Maloney sighed. He couldn’t understand why Justin was looking so worried. Everything was going fine. According to plan. He saw the black looks the jury was giving him, but he wasn’t worried. Why, as soon as they found out what had actually happened, they’d be all for him. Justin Marks seemed to be sweating.

He came back to the table and whispered to Bill, “How about temporary insanity?”

“I guess it’s okay if you like that sort of thing.”

“No. I mean as a plea!”

Maloney stared at him. “Justy, old boy. Are you nuts? All we have to do is tell the truth.”

Justin Marks rubbed his mustache with his knuckle and made a small bleating sound that acquired him a black look from the judge.

Amery Heater built his case up very cleverly and very thoroughly. In fact, the jury had Bill Maloney so definitely electrocuted that they were beginning to give him sad looks — full of pity.

It took Amery Heater two days to complete his case. When it was done, it was a solid and shining structure, every discrepancy explained — everything pinned down. Motive. Opportunity. Everything.

On the morning of the third day, the court was tense with expectancy. The defence was about to present its case. No one know what the case was, except, of course, Bill Maloney, Justin Marks, and the unworldly red-head who called herself Rejapachalandakeena. Bill called her Keena. She hadn’t appeared in court.

Justin Marks stood up and said to the hushed court, “Your Honor. Rather than summarize my defence at this point, I would like to put William Maloney on the stand first and let him tell the story in his own words.”

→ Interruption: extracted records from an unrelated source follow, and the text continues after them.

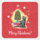 Esta é uma bela design de Natal com cheio vermelho vibrante de fundo de estrelas e minúsculos flocos de neve e com um gato bonito em frente a uma árvore de Natal. Envie suas vibrações amáveis, confortáveis e celebrantes para seus entes queridos!
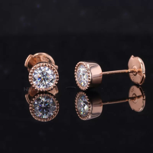 • Round stud earrings with milgrain bezel setting – vintage-inspired elegance in a secure and stylish form
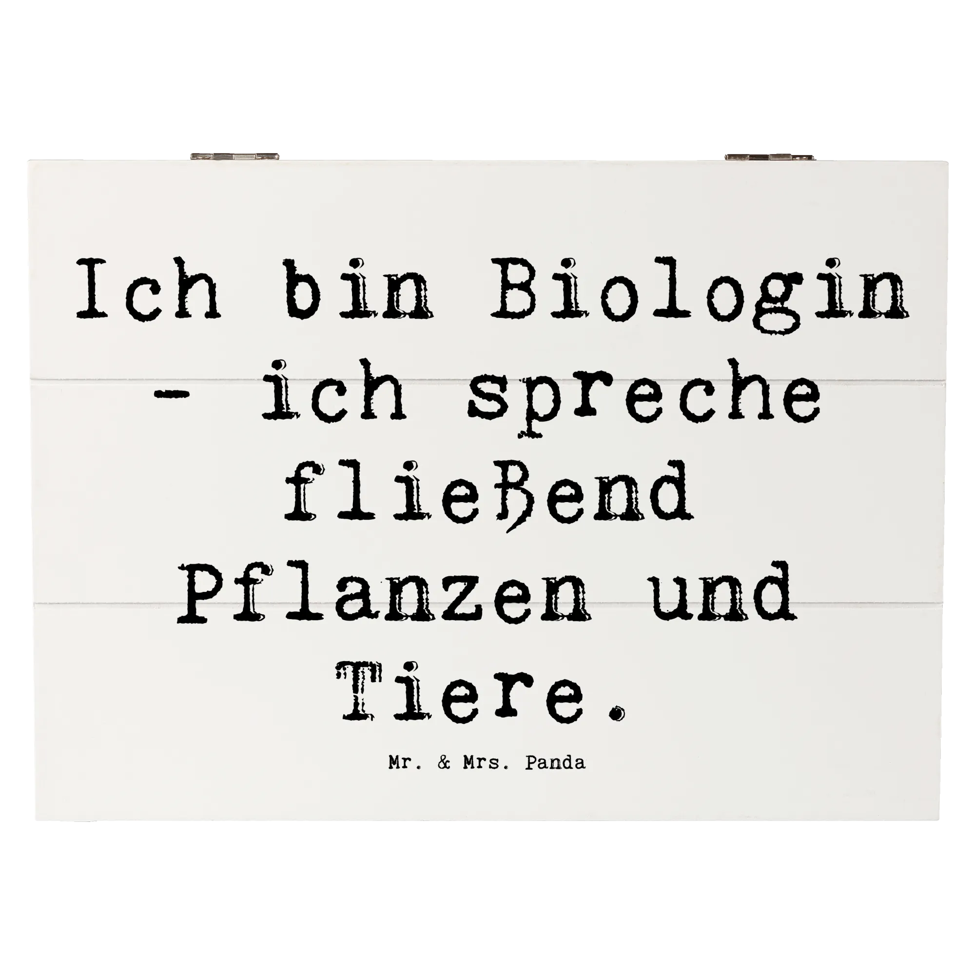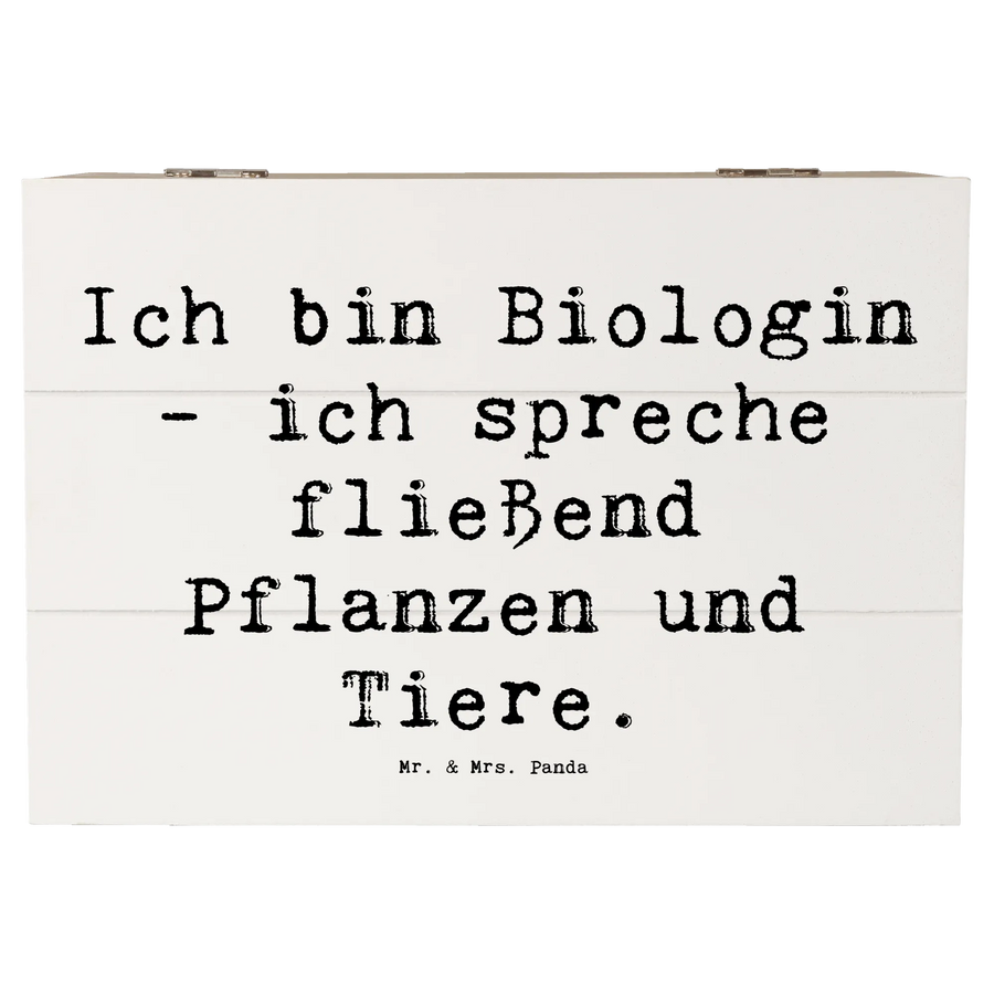 Wooden chest Saying Ich bin Biologin - ich spreche fließend Pflanzen und Tiere. - 22 x 15 cm - White
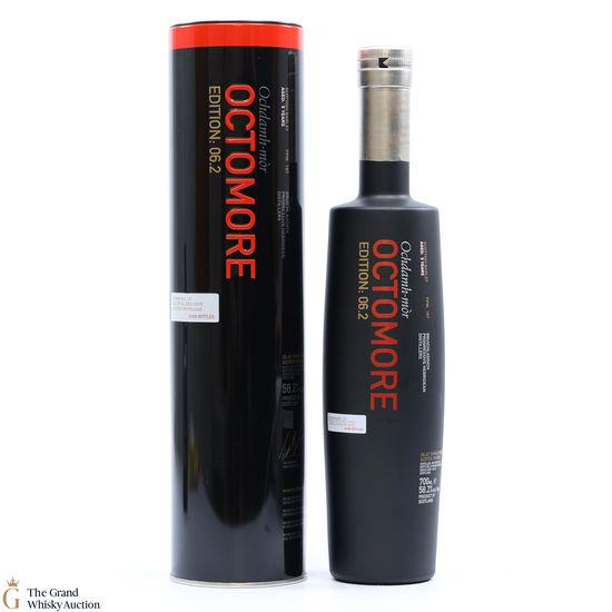 This Bruichladdich Octomore 6.2 Islay whisky is a 2013 release of the heavily peated single malt whisky has been matured in Limousin oak casks. This 5 year old is a limited edition is one of 18,000 released exclusively for the travel retail market.
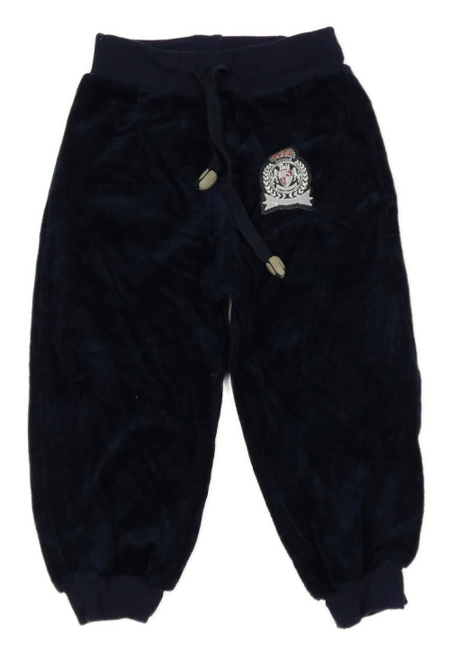 Tmavomodré sametové tepláky s nášivkou
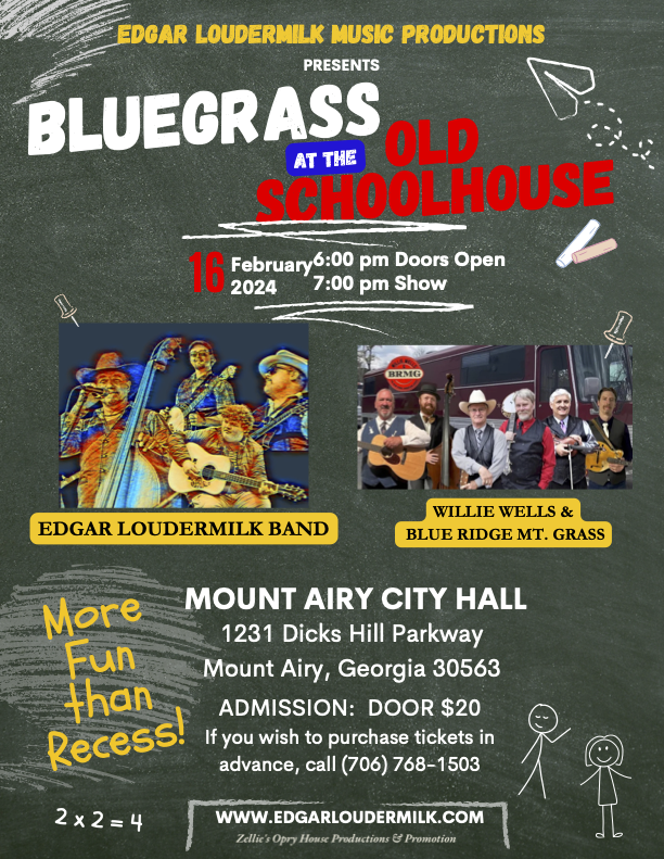 The Edgar Loudermilk Band and Willie Wells and Blue Ridge Mt. Grass will perform in the second of what many hope will become a continuing concert series called “Bluegrass at the Old Schoolhouse.”
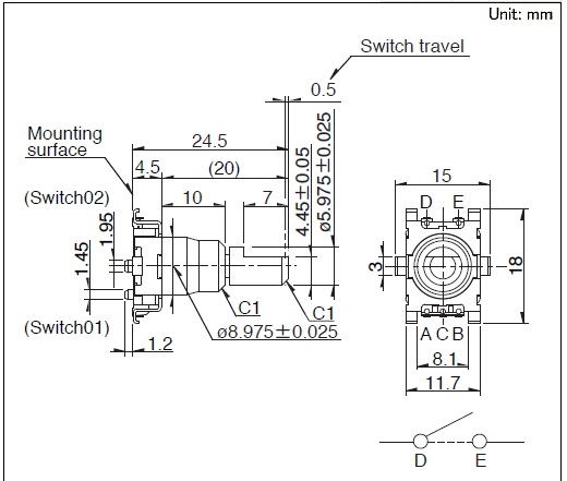 按開開關(guān)行程: 0.5mm
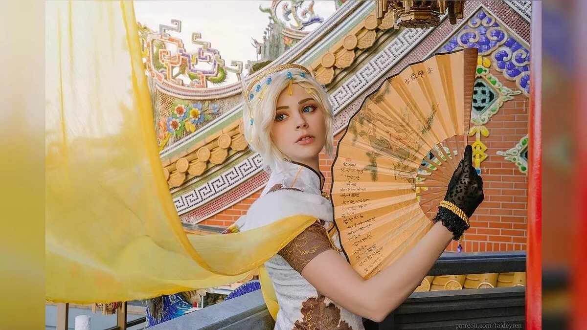 Faid Eyren сделала косплей на Мерси из Overwatch в альтернативном скине по мотивам фанатского арта. Для этого образа девушка сшила традиционное китайское платье ципао. Фотограф — Mirn. Ретушь — Nami Yamane.

The court buzzed. Putting Maloney on the stand would give Amery Heater a chance to cross-examine. Heater would rip Maloney to tiny shreds. The audience licked its collective chops.

“Your name?”

“William Maloney, 12 Braydon Road.”

“And your occupation?”

“Tinkering. Research, if you want a fancy name.”

“Where do you get your income?”

“I’ve got a few gimmicks patented. The royalties come in.”

“Please tell the court all you know about this crime of which you are accused. Start at the beginning, please.”

Bill Maloney shoved the blonde hair back off his forehead with a square, mechanic’s hand and smiled cheerfully at the jury. Some of them, before they realized it, had smiled back. They felt the smiles on their lips and sobered instantly. It wasn’t good form to smile at a vicious murderer.